В кулаке, поднятом на уровень плеча, человек держал фиолетовый с черными

«коготками» георгин. Локтем другой руки он прижимал к боку огромную коробку, судя по

ее форме и шелковой, крест-накрест, ленточке, с дорогими конфетами. Человек спросил

доктора Светлану Николаевну. Его появление могло помешать Вячеславу побыть наедине

с Тамарой, потому он, не отвечая, - мимо, мимо.

Притвориться неслышащим Вячеславу ничего не стоило. Маленьким мальчиком часто

сидел дома один: мать толклась в очередях за продуктами, отец работал, сестры учились в

школе, и, когда кто-нибудь возвращался и звал его, Вячеслав притихал, словно спит или

умер.

Домашние, обнаружив Вячеслава, шумно радовались. От того, что заставил их

волноваться, а также от того, что они щекотали и обцеловывали его, Вячеслав испытывал

такое счастье, словно ему удалось полетать по комнате.

Детское невинное лукавство - повод для игры и радости - стало привычным для

Вячеслава и постепенно преобразовалось в черту характера. Он так наловчился

отмалчиваться, что те, кто обращался к нему - учительница ли, отец ли, командир ли, -

думали: он плавает в мечтаниях.

Служа в армии, Вячеслав нет-нет и вспоминал скользящую встречу с Перевозчиковым

и подчас склонялся к тому, что в той в ы х о д к е у лифта как бы выразилось его

предчувствие горя, невиноватым виновником которого стал Перевозчиков.

Года за три до появления Перевозчикова в их подъезде от Светланы Николаевны ушел

муж, отец Тамары, Заверзин. Он был умен, красив и с таким непостижимым обожанием

относился к ней, что это вызывало недоумение родственников и знакомых. Саму ее,

женщину обыкновенную, однако сознававшую свою обыкновенность, даже пугало это

обожание, как психическая ненормальность. Другие женщины для Заверзина не

существовали, разве что на стройке, да и то как рабсила: крановщицы, обойщицы,

плиточницы...

А ушел Заверзин потому, что пил запоями. Он мог держаться месяц-два, и тут не было

человека заботливей, нежней, старательней. Но наступал день, когда он оказывался утром

возле круглого и плоского пивного павильона, зовущегося в питейном обиходе «Шайбой».
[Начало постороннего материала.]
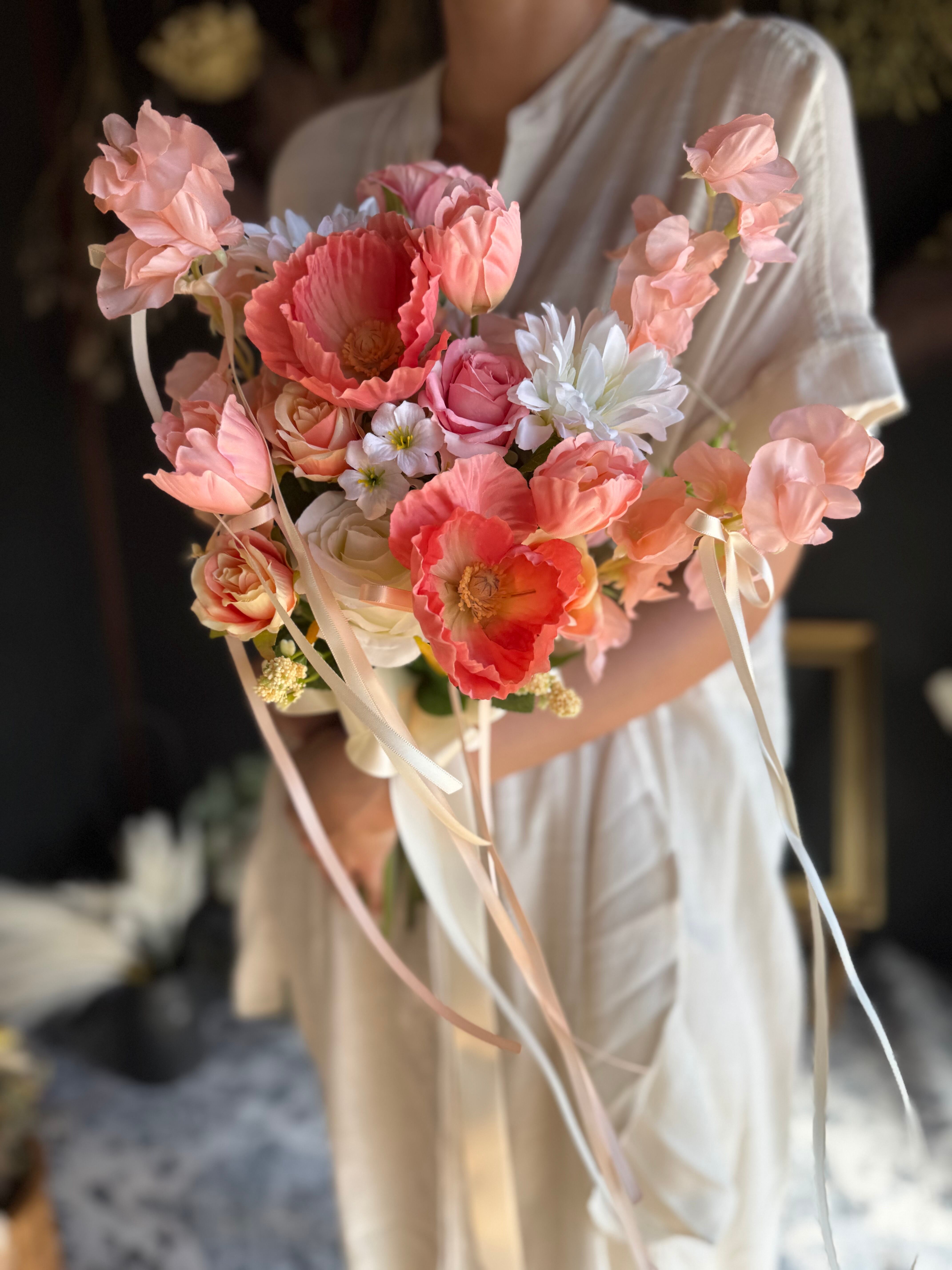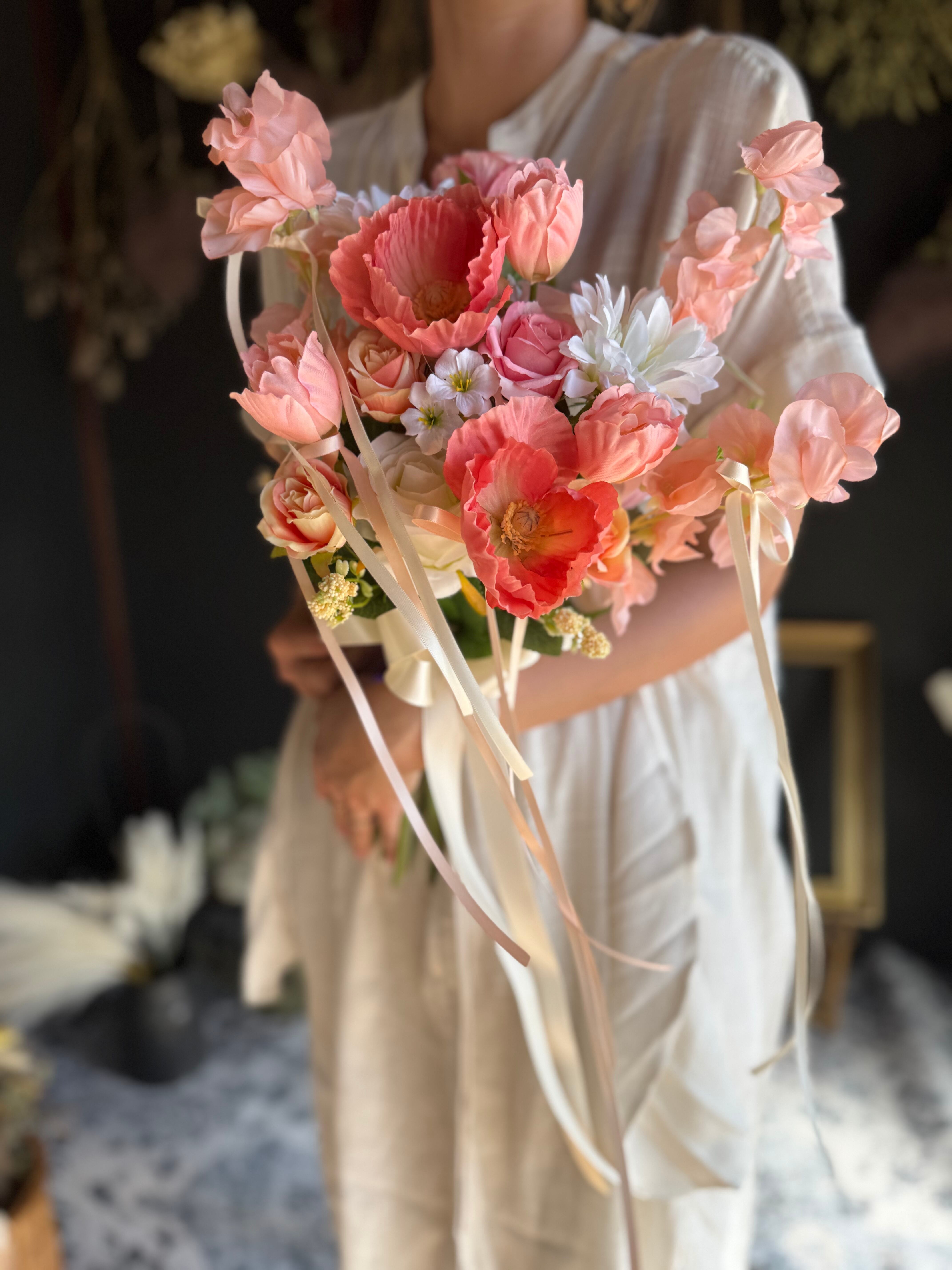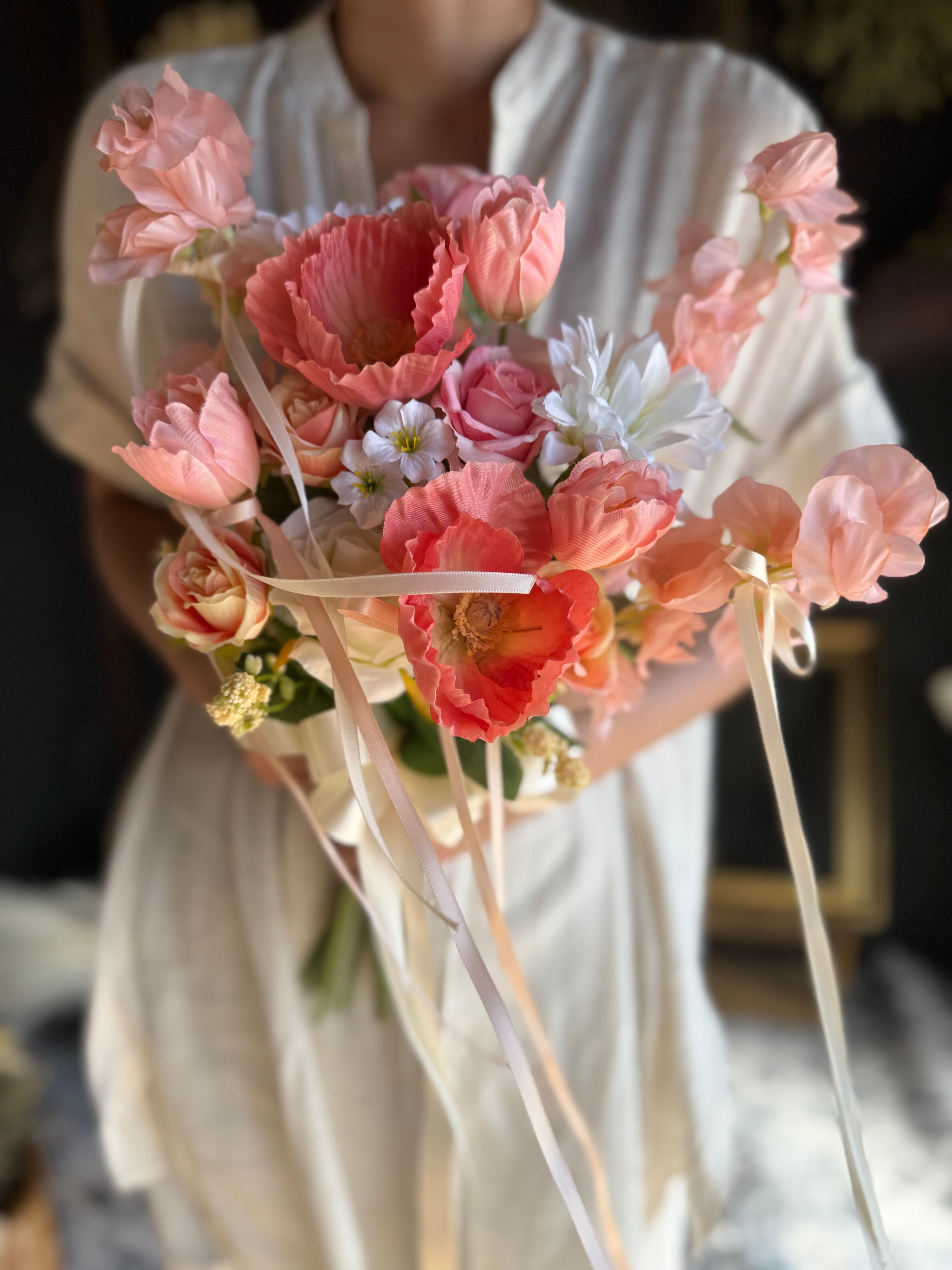 ひらひらと可憐な花びらが特徴のポピーを中心に、サーモンピンクのスイートピーや淡いバラ、白いガーベラをふんわりと束ねました。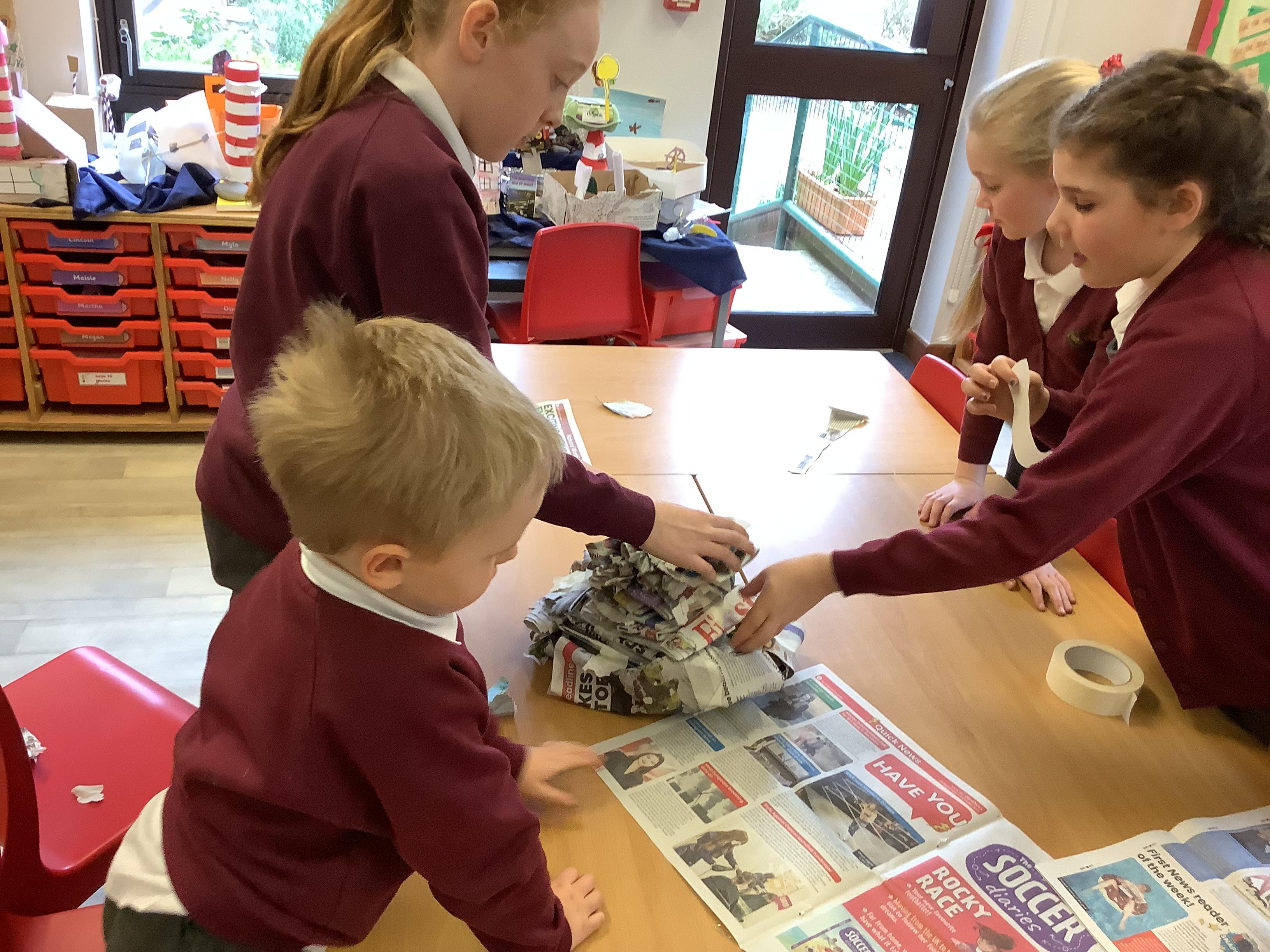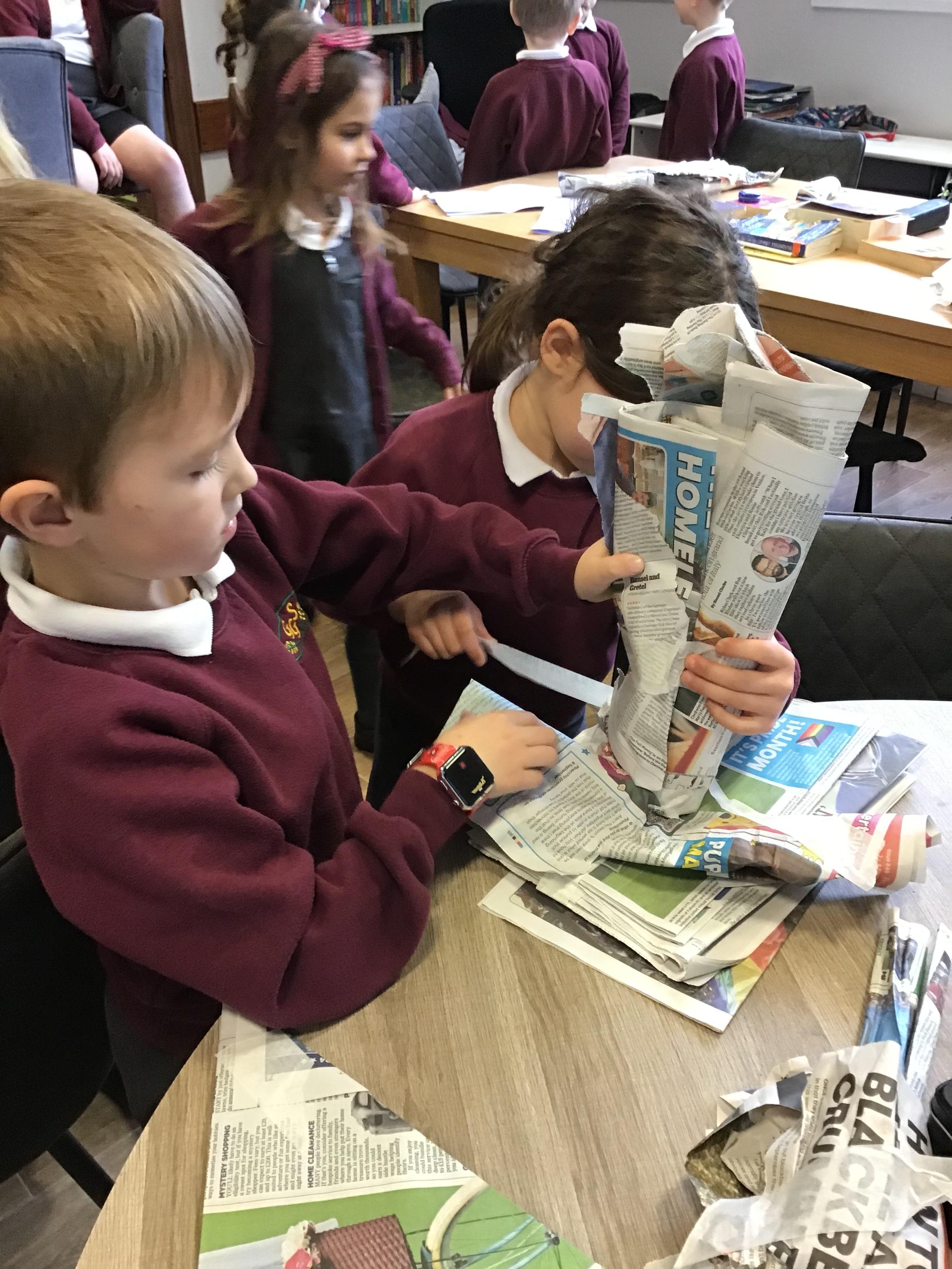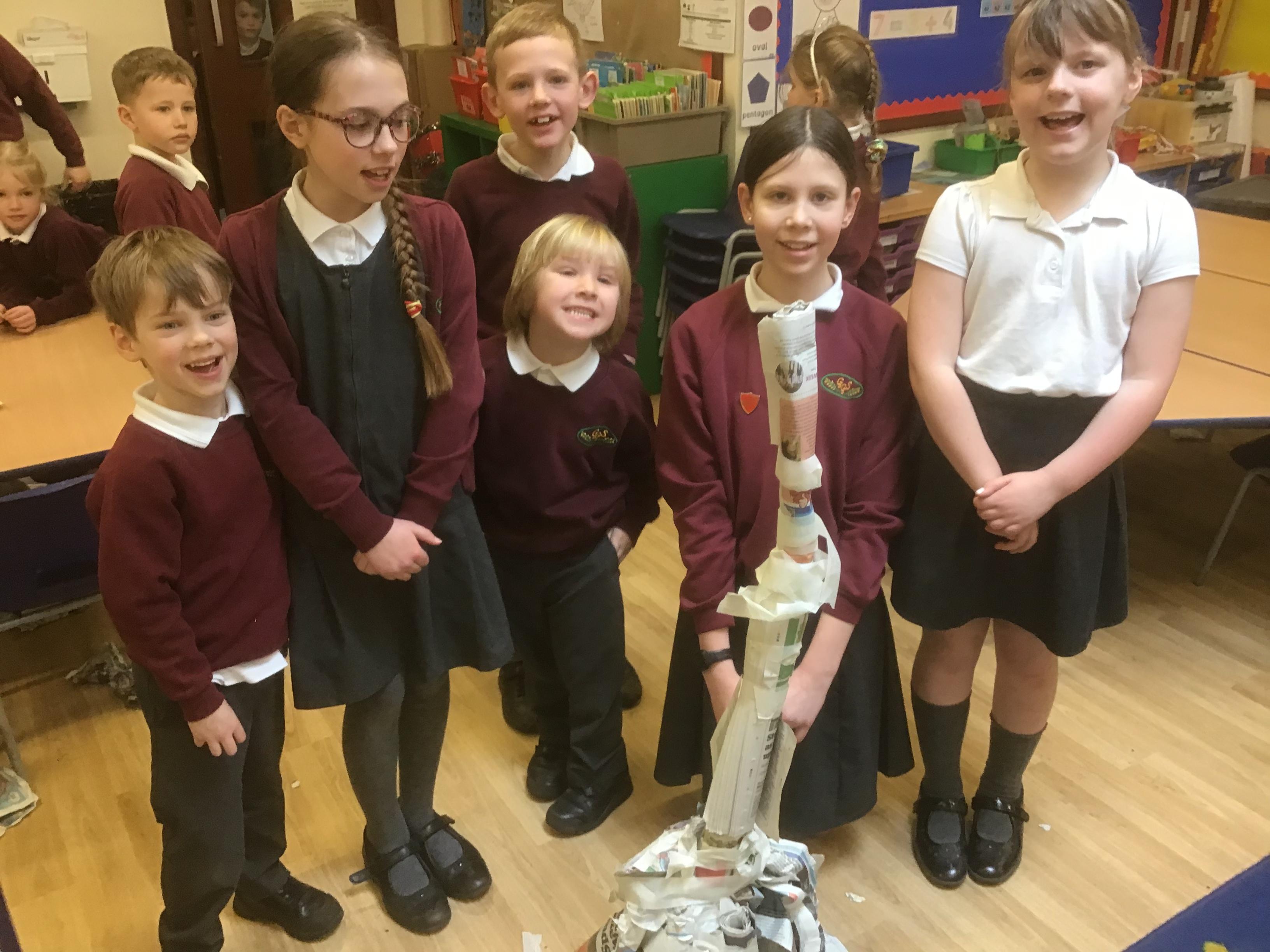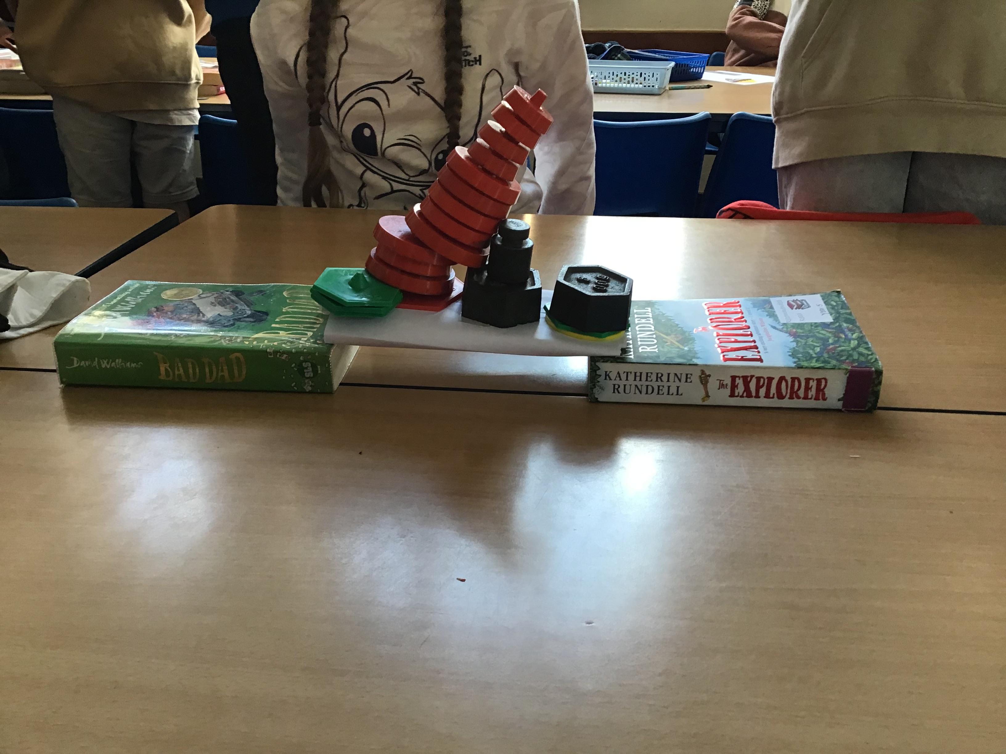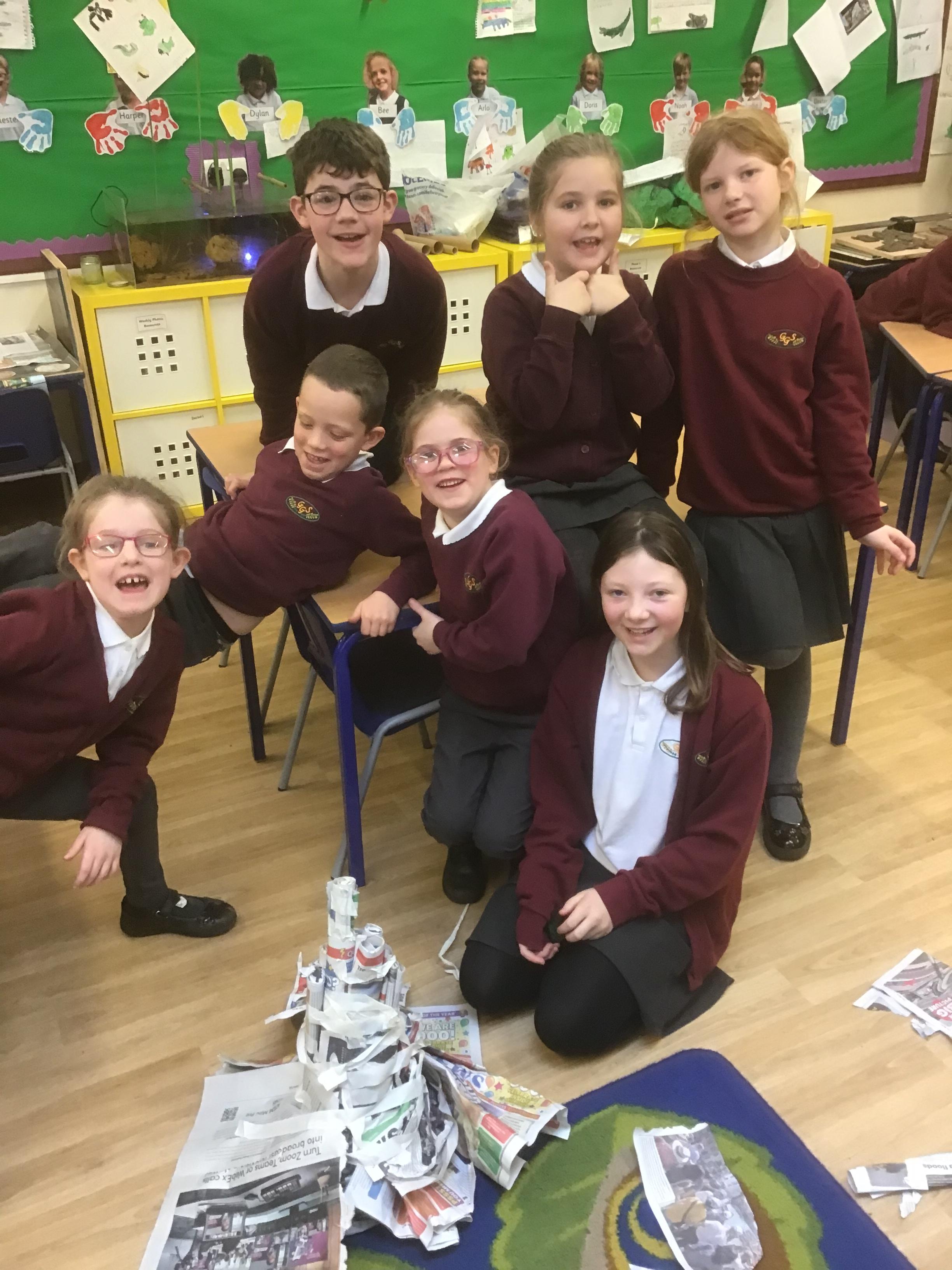 We built towers out of newspaper, as tall as possible, that could hold a 500g weight for 30 sec

Обратно он являлся ночью. Чуть тепленький. Едва позвонив в квартиру,

сразу о т к л ю ч а л с я , и Светлана Николаевна, обнаруживая Заверзина под порогом,

торопливо волокла его в кабинет.

Алкогольный вираж Заверзина продолжался не меньше недели. Увещевать и

совестить было бесполезно. Светлана Николаевна выдавала ему на день бутылку

портвейна объемом 0,75 литра, и он, довольный, оставался дома. Иначе он, если бы его

закрыли в квартире, сорвал бы замки и сбежал в «Шайбу».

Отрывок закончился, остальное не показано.